Initially, no firm decision as to interference was made by the judging panel. UCB and Broad were therefore presented with three options. On the one hand, if Doudna was found to be the first inventor, UCB would effectively be entitled to Broad’s patent. On the other hand, if Zhang was found to be the first inventor, Broad would maintain its issued US patent. As an alternative, Doudna and Zhang could be recognised as co-inventors.
Eventually, the PTAB decided in 2018 that there had been no interference-in-fact. The decision was centred on the finding that UCB’s patent application and Broad’s issued patent were directed to two, separate inventions. The reasoning for this is that while UCB’s application may have suggested that CRISPR-Cas9 could be used in environments other than prokaryotes/in vitro, such as a eukaryote environment, the PTAB decided that it would not have been obvious to do so. That is, Broad’s patent application is inventive in its own right.
UCB appealed the decision and, after the latest round, the PTAB found in September 2020 that Broad maintains ownership of its patent. However, the saga remains ongoing, with the PTAB requesting that UCB present additional evidence that it had demonstrated CRISPR-Cas9’s application in eukaryotic cells prior to Broad.
The patent battle is not isolated to the US. Proceedings are also underway in most major jurisdictions, including before the European Patent Office and the Australian Patent Office.
The dispute has turned nasty, extending beyond the US Patent and Trade Marks Office. President and Founding Director of The Broad Institute, Eric Lander, penned a 2015 Cell article titled ‘The heroes of CRISPR’. Lander subjectively claimed that Broad scientists developed the CRISPR-Cas9 technology, a statement that diminished the efforts of Doudna and Charpentier. Three scientists consequently came forward to dispute several key facts in the article, forcing Lander to later add ‘clarifications’. In response, biologist Michael Eisen of UCB claimed the article was ‘science propaganda at its most repellent’, and was among many to call for its retraction. At an extreme, it was claimed the article was a man’s attempt to ‘write women out of CRISPR’ (bit.ly/3579Ysp). The Twitter hashtag #landergate was born.

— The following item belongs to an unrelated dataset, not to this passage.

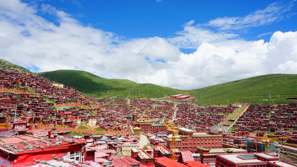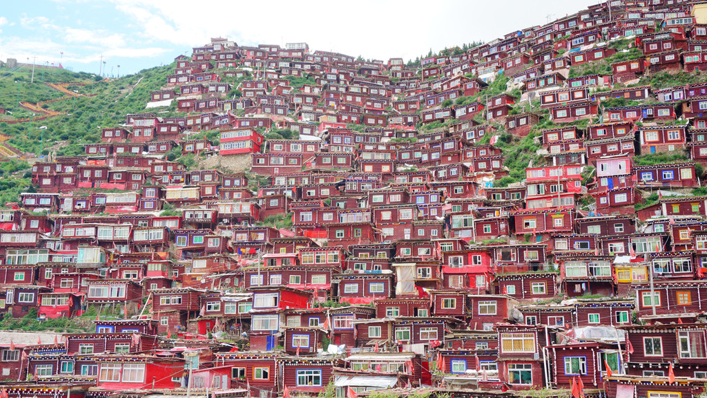 我们拾阶而上,爬到了山顶,放眼望去,只见沟里的僧舍,以佛学院的大经堂为中心,密密麻麻搭满了四面的山坡,不计其数的绛红色小木屋,延绵无数,一眼望不到头(图19)。这些红房子,是一万多名僧侣的住所。来到这里,无不被这炙热的红房子和虔诚的朝圣者,所深深震撼!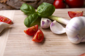 Zdjęcie "świeże pomidory, bazylią i czosnkiem" może być wykorzystywane do celów osobistych i komercyjnych zgodnie z warunkami zakupionej licencji Royalty-free. Obraz jest dostępny do pobrania w jakości wysokiej rozdzielczości do 5760x3840.

The ongoing dispute highlights the potential commercial value of intellectual property. Indeed, many companies have since been founded on the CRISPR technology. Exclusive licenses of the UCB patents have been granted to at least Caribou Biosciences Inc., Intellia Therapeutics, ERS Genomics, Casebia Therapeutics and CRISPR Therapeutics AG. Similarly, Editas Medicine is associated with Broad’s patented technology.
Ironically, during this dispute of almost decade in relation to ownership, the commercial value of those originating patents is diminishing. With neither party able to fully capitalise on the originating technology, ongoing scientific work has since established a series of other, commercially relevant, CRISPR systems, including CasX, CasY, Cas12 and so on.
The ongoing intellectual property ownership dispute of the CRISPR-Cas9 technology has undoubtedly detracted from the science at its core – a novel, revolutionary technique for gene editing.
The awarding of the Nobel Prize in Chemistry to Doudna and Charpentier is, undeniably, a refreshing reminder of scientists doing science for science’s sake. Doudna and Charpentier, together with their team, have irrefutably made significant contributions to CRISPR-Cas9 technology and the scientific community’s understanding of genomic editing. Their research has spurred, and will continue to spur, further innovations in the field.